------ INFORMATION SHOWN

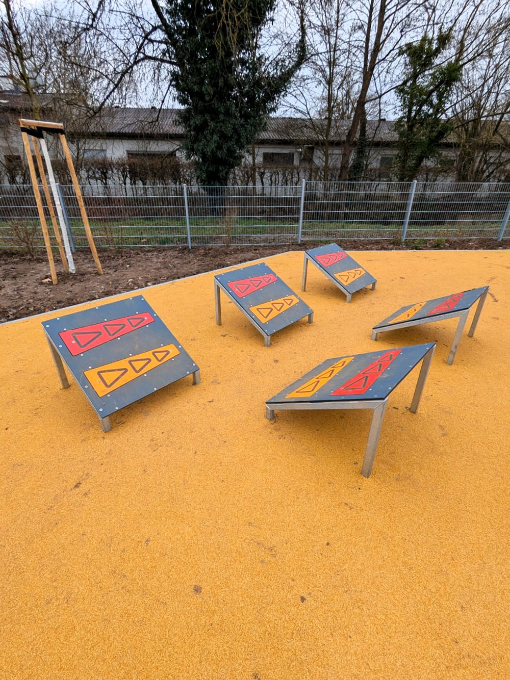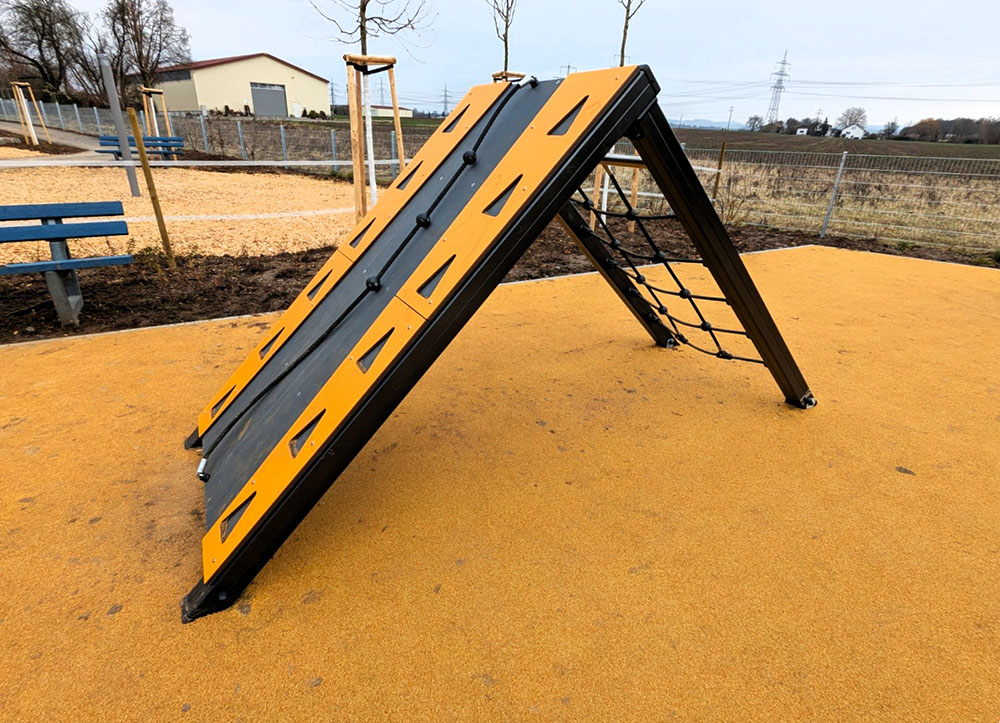 Sämtliche Geräte entsprechen der aktuellen Norm DIN EN 1176 und wurden vom TÜV geprüft. Der flächendeckende Fallschutzbelag erhöht zusätzlich die Sicherheit. Verwendet wurden langlebige Materialien, die den Anforderungen im öffentlichen Raum gerecht werden – robust, wartungsarm und witterungsbeständig.
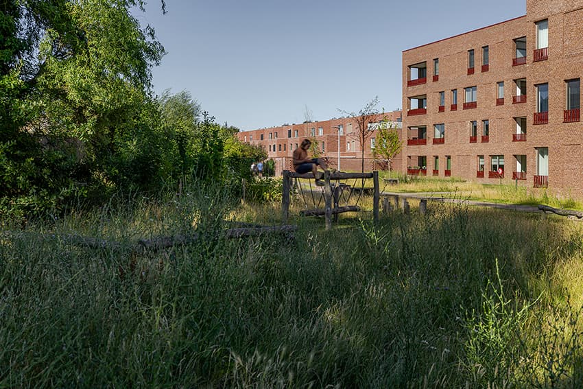 Saffrou is geen dichtbebouwde woonwijk. Integendeel, het geheel telt als het ware bijna meer groen en open ruimte dan muren. Zo zorgen de groene parkzones tussen de gebouwen voor rust en is er veel ruimte voor spel, beweging en ontspanning. Met als grote blikvangers: het urban forest, de binnentuin en de centrale loods.
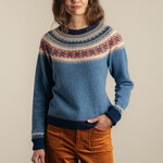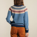 Rond de hals ontvouwt het Alpine Fair Isle-patroon zich in lagen van rood, crème, zand en diep marineblauw. Het contrast tussen het frisse blauw en de warme accenten geeft het ontwerp levendigheid zonder druk te worden. Het dessin keert subtiel terug in de manchetten en zorgt voor een harmonieus geheel.
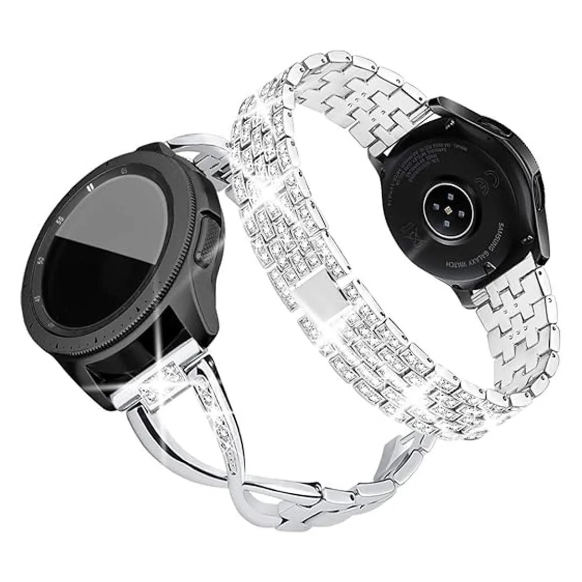 Supoix Compatible con Samsung Galaxy Watch 5 4 1.575 in, 1.732 in, Galaxy Watch de 1.65 pulgadas, Galaxy 3 de 1.61 pulgadas, Active 2 bandas, paquete de 2 correas de repuesto de metal brillante para mujer plata
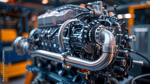 A diesel engine's turbocharger and intercooler, showcasing the enhancements for power and efficiency in commercial vehicles.
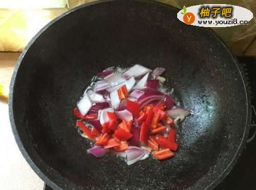 3第三步,炒锅中倒油,下姜丝炝出香味,然后下切好的辣椒椒和洋葱,快速翻炒2-3分钟。
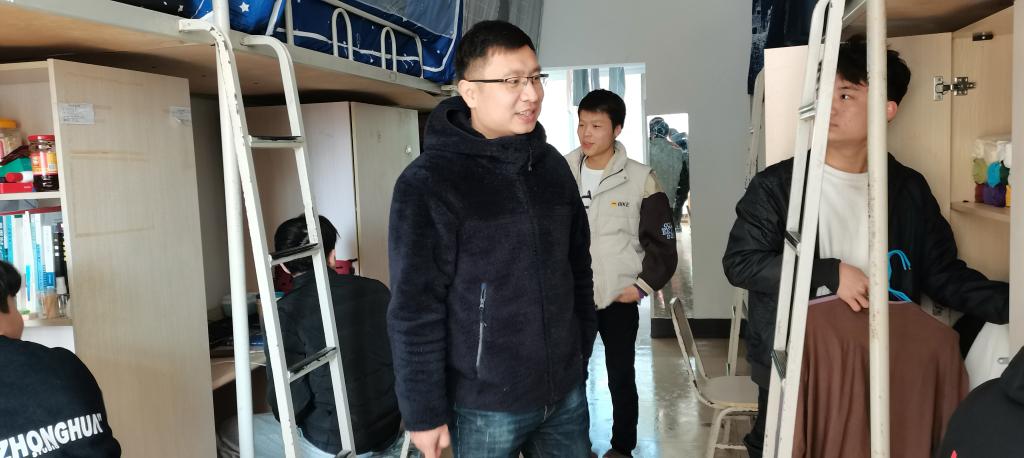 10:30,唐书记带领公司全体辅导员走入员工宿舍,共走访了天和苑1号楼、7号楼和8号楼。走访过程中,唐书记对同学们的宿舍卫生环境进行了细致地检查,并亲切地与员工交谈,了解他们近期的学习、生活情况,督促员工养成良好的作息习惯,营造良好的宿舍氛围。鼓励同学之间应团结友爱,相互督促,共同进步。唐书记还细心叮嘱同学们要注意用电安全、财产安全和出行安全,并特别强调目前全国疫情依旧严峻,督促员工要做好个人安全防护,在寒假返乡途中要佩戴口罩,尽量减少与其他人员交流,避免聚集,与同乘者尽量保持距离;寒假期间要少外出、少聚集,不前往中高风险地区。
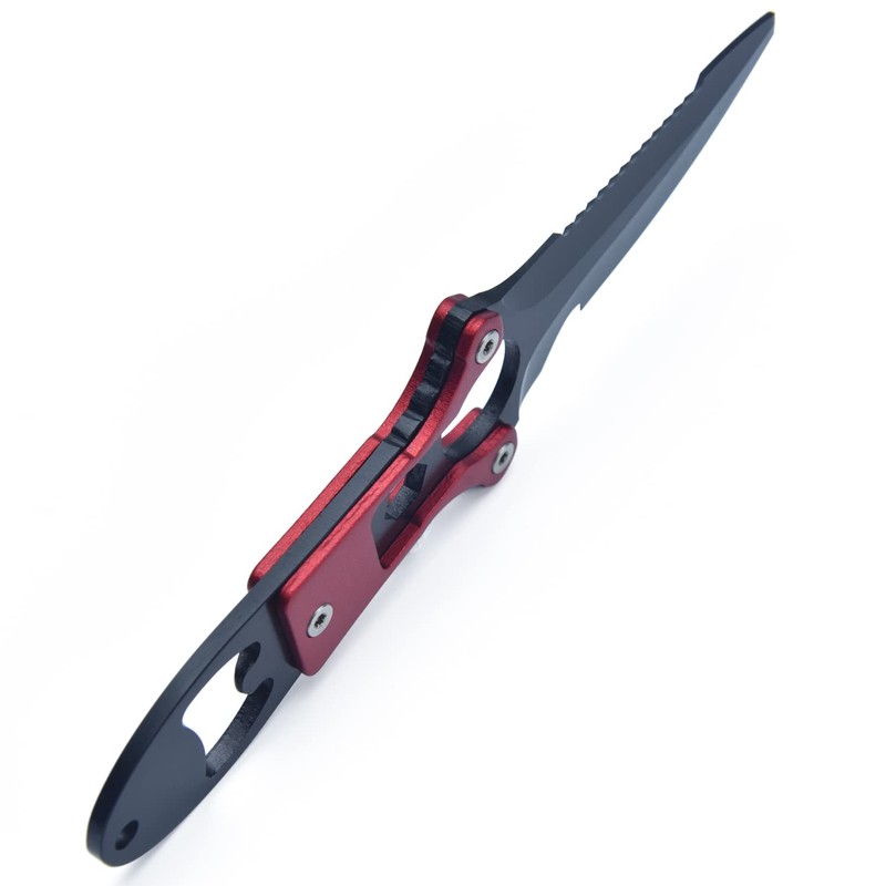 JPCRMOV Diving Knife with Leg Strap Nylon Sheath, Diver's Utility Knife Fixed Blade serrated knife (Red Handle)

------------

(PROBLEM REQUIREMENTS) Reproduce all of the records above exactly, but exclude the pictures.

(ANSWER SECTION)
 Sämtliche Geräte entsprechen der aktuellen Norm DIN EN 1176 und wurden vom TÜV geprüft. Der flächendeckende Fallschutzbelag erhöht zusätzlich die Sicherheit. Verwendet wurden langlebige Materialien, die den Anforderungen im öffentlichen Raum gerecht werden – robust, wartungsarm und witterungsbeständig.
 Saffrou is geen dichtbebouwde woonwijk. Integendeel, het geheel telt als het ware bijna meer groen en open ruimte dan muren. Zo zorgen de groene parkzones tussen de gebouwen voor rust en is er veel ruimte voor spel, beweging en ontspanning. Met als grote blikvangers: het urban forest, de binnentuin en de centrale loods.
 Rond de hals ontvouwt het Alpine Fair Isle-patroon zich in lagen van rood, crème, zand en diep marineblauw. Het contrast tussen het frisse blauw en de warme accenten geeft het ontwerp levendigheid zonder druk te worden. Het dessin keert subtiel terug in de manchetten en zorgt voor een harmonieus geheel.
 Supoix Compatible con Samsung Galaxy Watch 5 4 1.575 in, 1.732 in, Galaxy Watch de 1.65 pulgadas, Galaxy 3 de 1.61 pulgadas, Active 2 bandas, paquete de 2 correas de repuesto de metal brillante para mujer plata
 A diesel engine's turbocharger and intercooler, showcasing the enhancements for power and efficiency in commercial vehicles.
 3第三步,炒锅中倒油,下姜丝炝出香味,然后下切好的辣椒椒和洋葱,快速翻炒2-3分钟。
 10:30,唐书记带领公司全体辅导员走入员工宿舍,共走访了天和苑1号楼、7号楼和8号楼。走访过程中,唐书记对同学们的宿舍卫生环境进行了细致地检查,并亲切地与员工交谈,了解他们近期的学习、生活情况,督促员工养成良好的作息习惯,营造良好的宿舍氛围。鼓励同学之间应团结友爱,相互督促,共同进步。唐书记还细心叮嘱同学们要注意用电安全、财产安全和出行安全,并特别强调目前全国疫情依旧严峻,督促员工要做好个人安全防护,在寒假返乡途中要佩戴口罩,尽量减少与其他人员交流,避免聚集,与同乘者尽量保持距离;寒假期间要少外出、少聚集,不前往中高风险地区。
 JPCRMOV Diving Knife with Leg Strap Nylon Sheath, Diver's Utility Knife Fixed Blade serrated knife (Red Handle)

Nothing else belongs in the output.